I'm a sucker for books that instantly reveal a horrifying event, and the rest of the story is dedicated to tracing the steps that lead to the event. The thrill of the read is to find out how and why the characters get into a situation. And yes, I have begun reading John Dies at the End, which seems at first glance to be the most extreme example of this kind of storytelling--it's all given away in the title, for heaven's sake! I love it!

This fiction offers the reader a chance to be an armchair psychologist. The mother of Kevin, a teenager who sits in jail for a school shooting, writes letters addressed to Dear Franklin, who is soon revealed to be Kevin's father. Eva, the mother, writes about her struggles in continuing with her life after the school shooting and about visiting Kevin in the prison, but the majority of any single letter focuses on retelling Eva and Franklin's history together, how they decided to have a child and then another, and how for Eva it was clear that Kevin was growing up to be a disturbed individual, whereas Franklin would dismiss Eva's concerns as exaggeration. In these letters Eva reveals secrets she kept from Franklin in order to either protect him, or to avoid confrontation. Or who knows why. For leverage, maybe.

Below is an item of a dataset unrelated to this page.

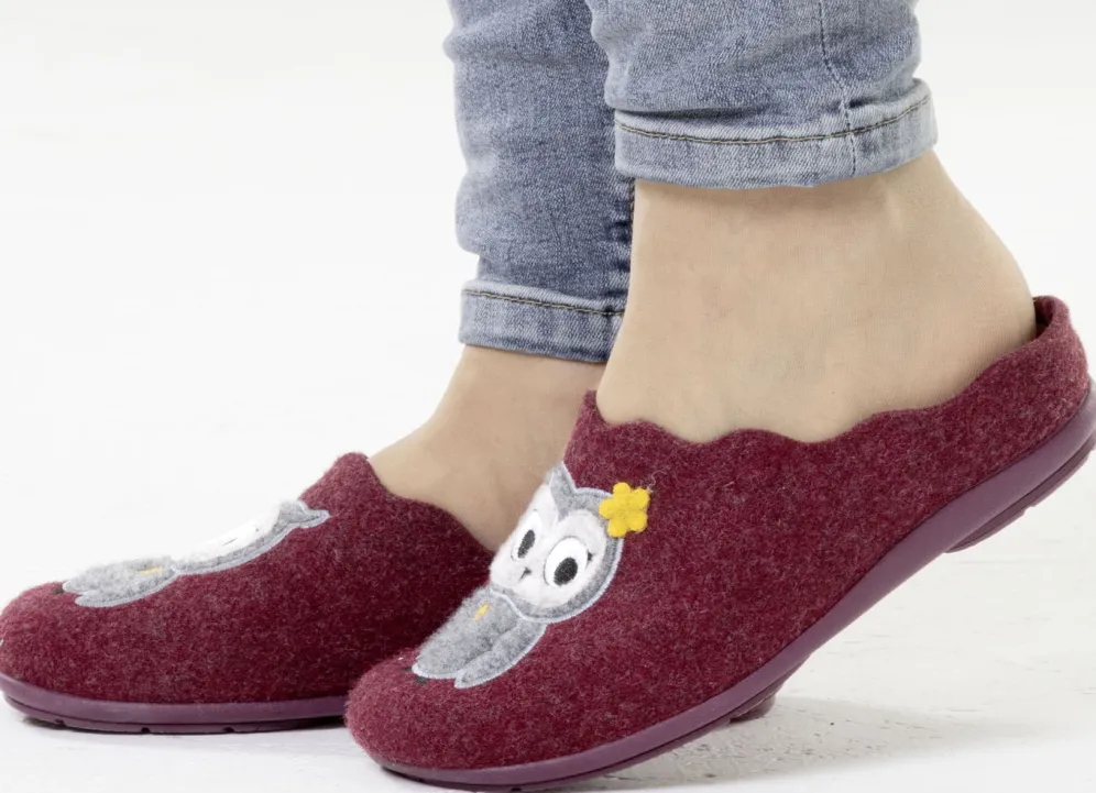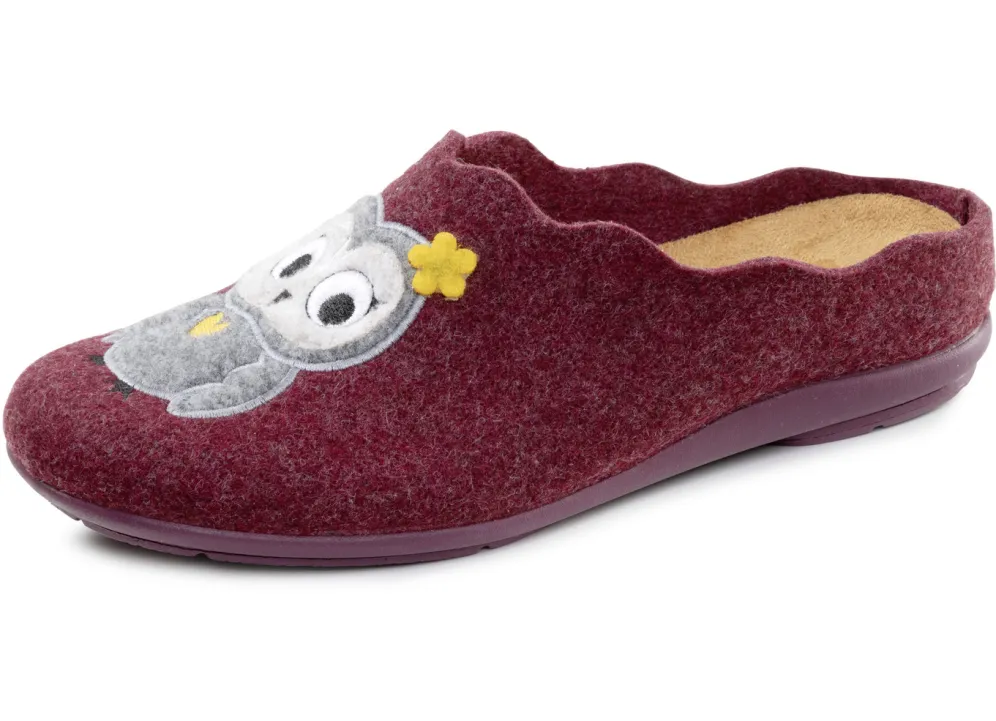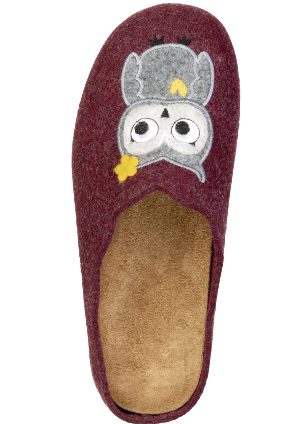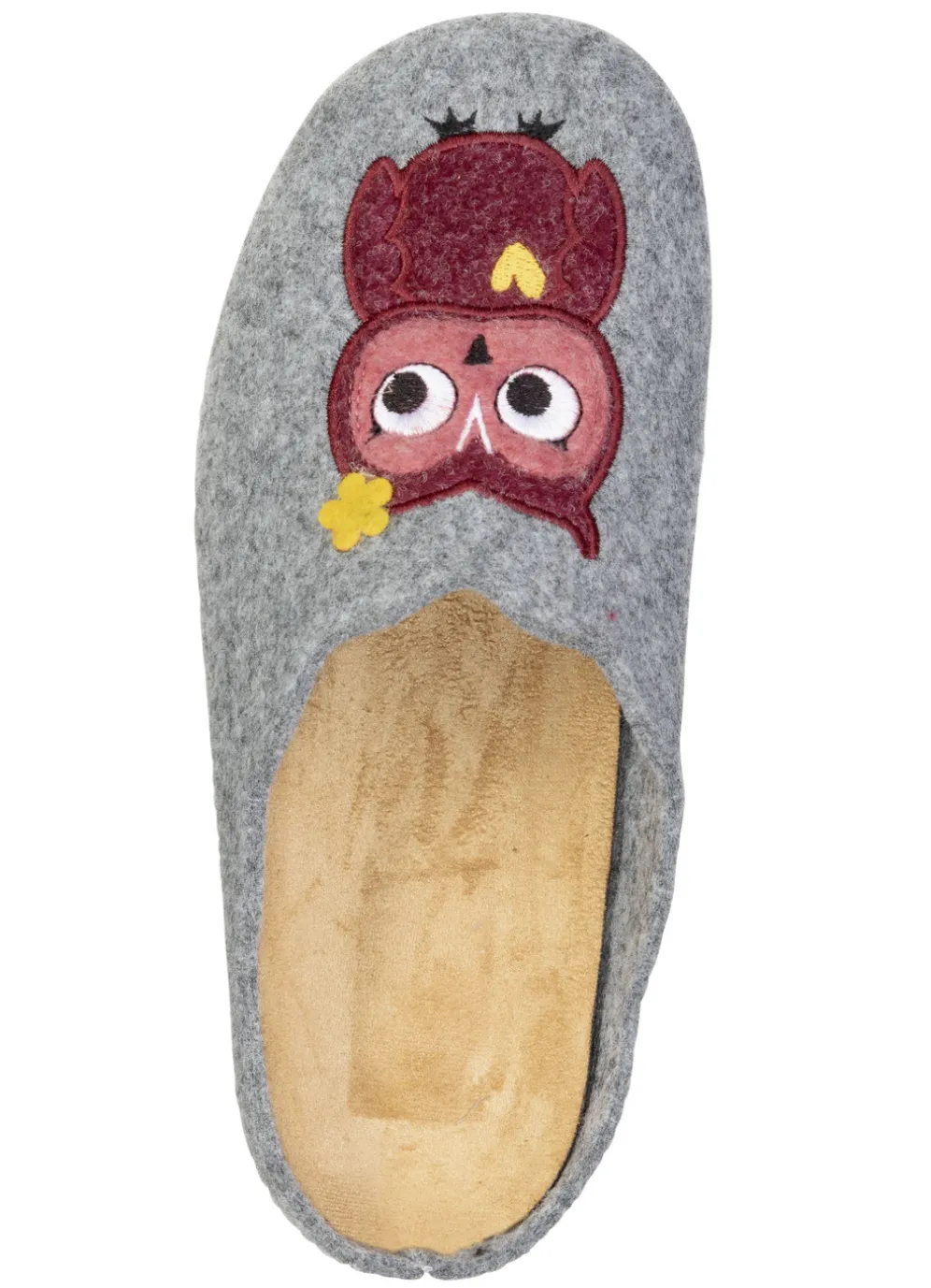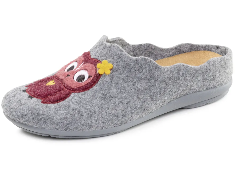 Hausschuhe von „Laurina“, aus Filz mit niedlicher Eulen-Applikation: herausnehmbares Textil-Fußbett, superleichte Gummi-Laufsohle sowie 10 mm Keilabsatz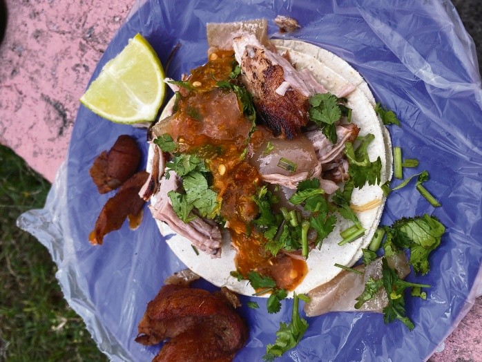 Todos tenemos algún placer culposo, que para algunos va más allá de la salud y para otros es solamente entregarse a los placeres culinarios.A sugerencia de mi buen amigo @buendientegdl hoy estuvimos en el puesto callejero llamado Carnitas Estilo Michoacán; es un espacio donde desde temprano hacen sus propias carnitas, en un enorme cazo. Venden tacos a $16 pesos, kilos $260 pesos, cuartos de kg a $65 pesos y ordenes de $50 pesos. Ordené tacos combinados de maciza y costilla, coronados con un chicharrón, así me lo sugirió mi amigo.Cuando estés en Roma, haz lo que hacen los romanos.Al ordenarlos, después de seguir una fila que en la espera parecía interminable, llegas frente al taquero, que a un lado tiene el gran cazo, y le pides de qué querrás tu taco, él busca en su colador la carne solicitada y si no la encuentra, navega por el cazo para sacar lo solicitado.Una vez en mano, la pone en una gruesa tabla, las típicas de medio tronco que les dura toda la vida. Y parte tu carne frente a ti y te prepara los tacos con tortilla doble, que logras sortear en el primer taco pero en los siguientes sí es necesaria para que no se rompa el taco. La carne estaba en su punto y un pequeño dulzor al final. Tierna y muy jugosa al morderla (¡ya si no, la sacan escurriendo!).La combinación de encontrarte el chicharrón a media mordida con diferentes capas de sensación, hace que el encuentro de las texturas sea glorioso y vengan a tu mente las sensaciones de aquellos platillos que han marcado tu vida.De acompañantes tienen varias salsas con diferente nivel de picor. Yo opté por la más picante; la última, en las salsas está el secreto taquero. Son cuatro diferentes desde pico de gallo, chipotle, chile verde y una sin picante. Así mismo; cilantro, cebolla en picada y corte pluma.Platiqué con dos personas de Michoacán ahí. Dijeron que el sabor es igual al de las que preparan allá. Para una era la primera vez que los probaba (por un post de @buendientegdl) y para el otro, de Zamora, era la rutina sabatina. Lo que me acercó más al verdadero sabor purépecha.Al terminar mi manjar, no pude no voltear a ver nuevamente la fila que seguía larga, los formados tenían esa sonrisa que he visto solo en los trabajadores de la construcción los sábados al recibir su raya, ¡vaya manera de hacer cola de una manera feliz!Tienen una gran variedad de carne; maciza (que ellos llaman maciza), surtida, buche, cuerito de panza, lengua, oreja, trompa, costilla, nana e hígado. Pero en realidad yo vi todo el marrano completo en el cazo, creo que lo ponen por mencionar algunas sugerencias más bien.Por último quiero describirles el mejor chicharrón que he probado en mi vida, con una consistencia seca y muy firme y un crunch como de dorito, son pequeñas piezas, que dicho está ni te cobran si solo las pides para acompañar tu taco, con una sazón saladita y un poco de carne al fondo bien dorada y súper crujiente, sin rival alguno. ¡Se feliz!Jalisciense nacido en Hermosillo, Sonora, hace 50 años; ha perfeccionado el paladar desde su niñez, gracias a la influencia de su madre en los artes del buen comer y a su empeño por encontrar nuevos sabores en los rincones más íntimos del planeta, las mejores experiencias culinarias.Hoy en día se ha vuelto un crítico muy peculiar y constructivo, comunicando y realzando lo más bueno. Hay personas que comemos de todo y podemos decir “me gusta o no me gusta” pero la ventaja del paladar de @superchofo al tener tantos conocimientos gastronómicos acerca de las preparaciones y elaboraciones, expresa lo que pocos pueden. Por muchas cosas más, @superchofo es un magnífico integrante en cualquier grupo de glotones. Si necesitan alguna información de restaurante, local o puesto, él es una persona que sabrá orientarlos.AC

While it is obvious that Franklin is clueless and his behavior seems to worsen the situation with Kevin and only Eva sees Kevin as who he really is, Eva is unable to discuss her rearing methods and reactions to Kevin objectively--which leaves this job for the reader.

It is an absolutely thrilling a job to figure out what Eva thought the reasons behind Kevin's behavior were, and to also read between the unstressed, subtle and not-so-subtle cues of how Eva's behavior toward the child might have had an effect of some kind as well.

Also, I'm very much used to epistolary novels being used for romantic purposes (not their sole purpose, I just associate them thus), so the format of this novel was a great choice. It completely disagrees with the cold, calm, very unemotional tone of Eva's letters.

This novel is a real heart-pounder to the very end, where what we already know is going to happen happens. And yet the shooting is much more chilling than I had imagined. A wonderfully written book, if that adverb can be used for a book about multiple murders and other horrifying events perpetrated by a sociopath.